Closing Roxham Road is another wrong heaped on refugees

News Analysis

Unless they reverse their inglorious act, Prime Minister Justin Trudeau and his Liberal government will forever be remembered for the injustice and potential harm that they have heaped on people seeking refuge in Canada, by closing the Roxham Road border-crossing.
The closing took effect at 12:01 AM on Saturday February 25, a few hours after Mr. Trudeau met with US President Joe Biden and they announced an update of the border-crossing treaty between Canada and the US, the Safe Third Country Agreement.
The agreement, which was signed in 2004 allowed Canada to turn away refugee claimants from the U.S. on the grounds that they’re already in a “safe country.” But didn’t prevent asylum-seekers making an “inland” claim after entering Canada through a border-crossing point like Roxham Road.
The change basically denies asylum seekers the right to run from perceived injustices of rigid, heavy-handed and sometimes inhumane refugee system the USA and seek sanctuary in Canada.
Since Roxham Road border-crossing was opened to refugee claimants in 2017 about 25,000 asylum-seekers per year from around the world have been using it to enter Canada.
Their crossing has been a thorn in the sides of anti-immigrant groups as well as a wide cross-section of politicians in Quebec including the Bloc Quebecois and Premier Francois Legault and his CAQ government, as well as other right-leaning ideological deviants across Canada.
They have never been able to come to terms with the plight of refugees whose status they sometimes deliberately confuse with illegal immigrants.
In the face of hatred and outright racism, it’s difficult to determine if the ignorance of these anti-refugee, anti-immigrant types is willful or genuine.
A refugee is a person who has been forced to leave their country in order to escape war, persecution or natural disaster; an illegal immigrant is a person entering or living in a country in violation of the immigration laws of that country or the continued residence.
A refugee is not an illegal immigrant. Refugees are not breaking the laws of Canada; they’re not jumping the immigration queues. They are mostly desperate people locking for a place to rest their heads and a piece of bread to break their hunger.
Most of the people who were making their way here through the Roxham Road crossing were “convention refugees” and in 1951, Canada was one of 148 countries that signed the United Nations Convention on the protection of refugees.
By doing what he did on March 25, PM Trudeau is acting as if he doesn’t know better. But he and his government know better and can do better.
Canada has, for much of its recent history has been half decent with its immigration policies. Today, the goal is to try open its doors to about 500,000 newcomers in the next year or two.
For the past year or so, it has been an easy passage for immigrants and refugees from Ukraine, hundreds of thousands of whom have made their way here, running from the horrors of conflict in their country.
Everyday close to a million people in other parts of the world are also fleeing desperate situations, the demands on Canada have not been as critical.
Two former well-respected Liberal government ministers, Lloyd Axworthy and Allan Rock have seen the errors in the actions of Prime Minister Trudeau and they’re calling on him let Canada take its place in building what they described as an “hemispheric migration network and devote the necessary resources to make it work.”

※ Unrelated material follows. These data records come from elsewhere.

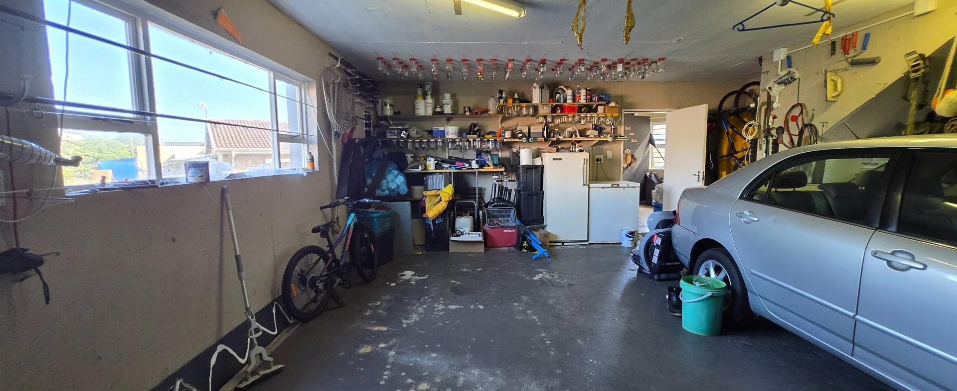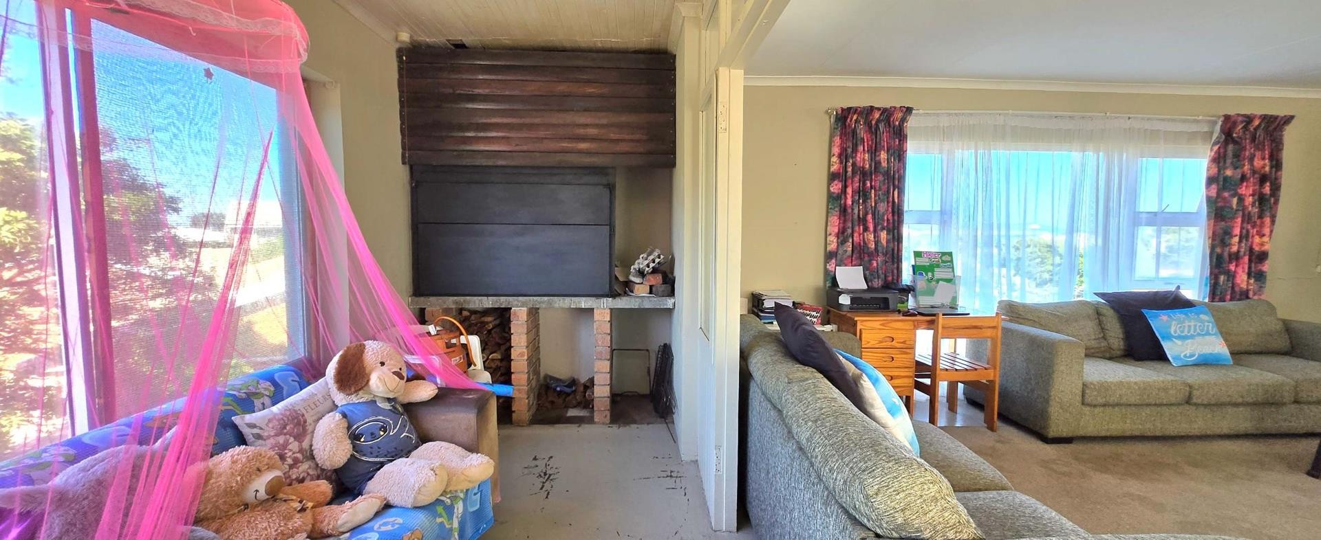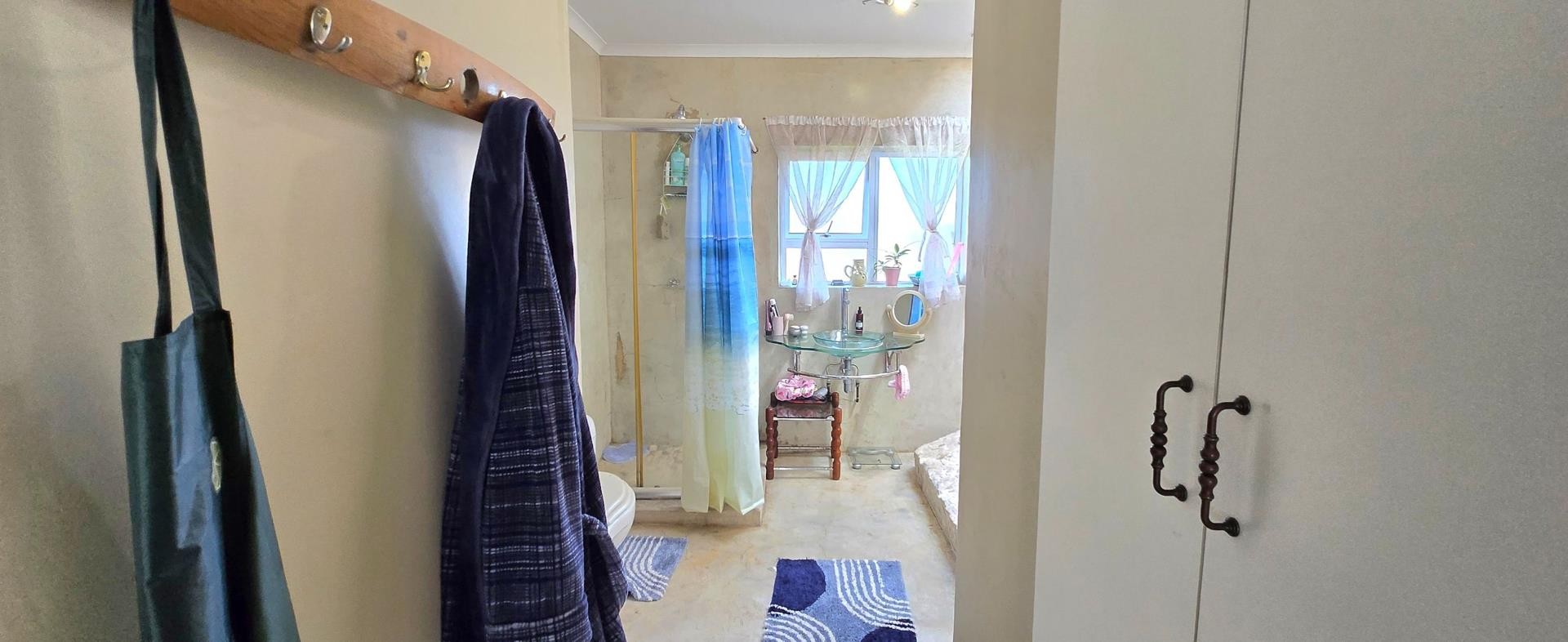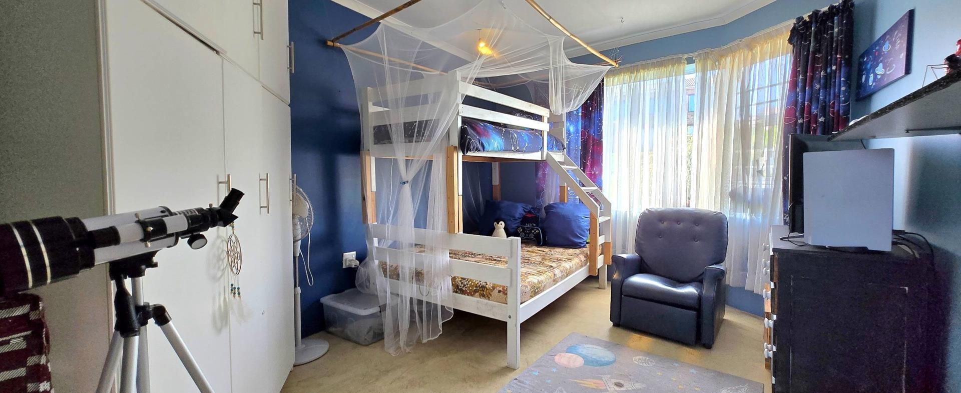 The open-plan kitchen is ideal for modern living, featuring an adjacent scullery for added convenience. The upstairs living and braai room offer distant sea views, perfect for entertaining all year round thanks to the built-in indoor braai. The home also features low-maintenance cement screed flooring throughout.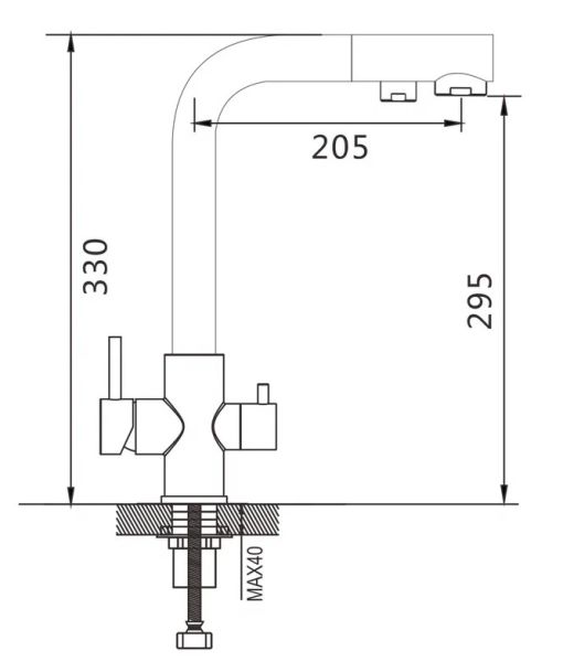 Смеситель для кухни с подключением фильтра Shevanik S328, хром.Управление: рычажное.Вращение излива: да.Выдвижной излив: нет.Гибкий излив: нет.Высота:33.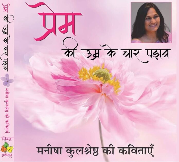 कुछ समय पहले मनीषा की कविताओ की एक किताब “प्रेम की उम्र के चार पड़ाव” शिवना प्रकाशन से आई हैं | प्रेम में गुलाबी होना आपने सुना ही होगा, यहाँ तो किताब भी गुलाबी हैं और उस पर अंकित मनीषा की छवि भी गुलाबी और इन कविताओ को पढ़कर कोई भी पाठक भावों की अनुभूति से सराबोर हो उठेगा.

… (We) should scrap the STCA and strive to dedicate 20 per cent of our 2025 immigration goal to the resettlement of forcibly displaced people, taking in at least 100,000 in 2025. We can work to build up the capacity of our U.S. diplomatic posts, and our U.S.-Canada border crossing points, to receive, process and settle those with legitimate asylum claims.
Mr. Trudeau and his government should heed their advice and walk back their dastardly decision.